February 5, 1597, near Nagasaki, Japan, 26 Christians suffered martyrdom: 6 Franciscan foreigners, 3 Japanese Jesuit catechists (Paul Miki was one of them), and 17 Japanese lay catechists. They were tied and chained to crosses and lanced by a sword.

An eyewitness wrote of Paul Miki: “Our brother Paul Miki as if standing on the noblest pulpit he had ever preached from, began by proclaiming he was a Japanese and a Jesuit and he was dying for the gospel he preached. He gave thanks to God for this wonderful blessing and ended his sermon with these words, ‘As I come to the end of my life you can’t suppose I want to deceive you. And so I tell you plainly there is no other way to be saved except the Christian way. I pardon my enemies and all who offend me, as my faith instructs me. I gladly pardon the Emperor and all who sought my death. I beg them to be baptized and become Christians themselves.’”

Christianity first came to Japan through the efforts of St. Francis Xavier who arrived there in 1549 and left in 1551, after bringing the faith to some 1,000 Japanese. The numbers grew, but Japanese political dissension brought strong opposition to Christianity. In 1587 foreign missionaries were forbidden to enter the country. The martyrdom of the 26 Christians in 1597 was the beginning of a series of persecutions in which thousands of Japanese Christians were cruelly put to death.

The Japanese novelist Shusaku Endo tells the chilling story of one of those persecutions in his novel, Silence (Penguin 1988). The American movie director, Martin Scorsese made a film version of the novel in 2015.

In the prayer for their Mass, we ask for the courage and faith of the Japanese martyrs:

O God, strength of all the saints,
who through the Cross
were pleased to call the martyrs St. Paul Miki and companions to life,
grant we pray, that by their intercession
we may hold with courage even till death to the faith we profess,
Through our Lord Jesus Christ…

Our church calendar includes saints from every nation and time because Jesus commanded the gospel be preached to all the nations. As we celebrate the church’s presence and development in places like Japan we look to them for signs of the Spirit at work, then and now. What can we learn from the church in Japan? What must we do to bring the gospel to the ends of the earth?
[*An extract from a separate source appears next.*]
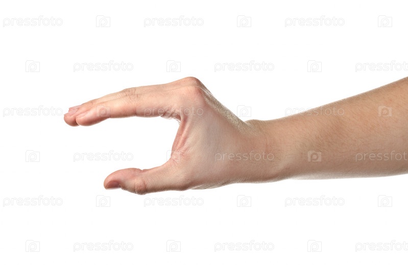 Мужская рука держит что-то невидимое, изолированная на белом фоне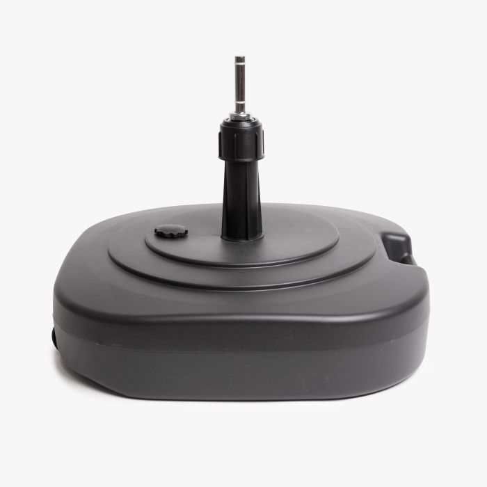 De Parasolvoet is de ideale basis om jouw parasol of beachflag stabiel te plaatsen. Dankzij de ingebouwde wieltjes verplaats je de voet eenvoudig, zodat je schaduw of reclame precies daar kunt neerzetten waar je hem nodig hebt. Vul de voet met water of zand voor extra gewicht en stabiliteit, waardoor hij stevig blijft staan bij wind of op oneffen ondergrond. De parasolvoet is solide en robuust, zodat je parasols en vlaggen op hun plek blijven, ook bij langdurig gebruik.

2 thoughts on “St.Paul Miki and Companions (1564-1597)

  1. fdan

    Dear Father Victor, I am stunned by the depth of faith and courage of the Japanese martyrs. I dare say that we start one person at a time in following Jesus’s command to preach the gospel. Father John Powers, CP said it best, recently in an ICC Bulletin: No gift can match the gift of the people in our lives, specifically the next person you actually meet.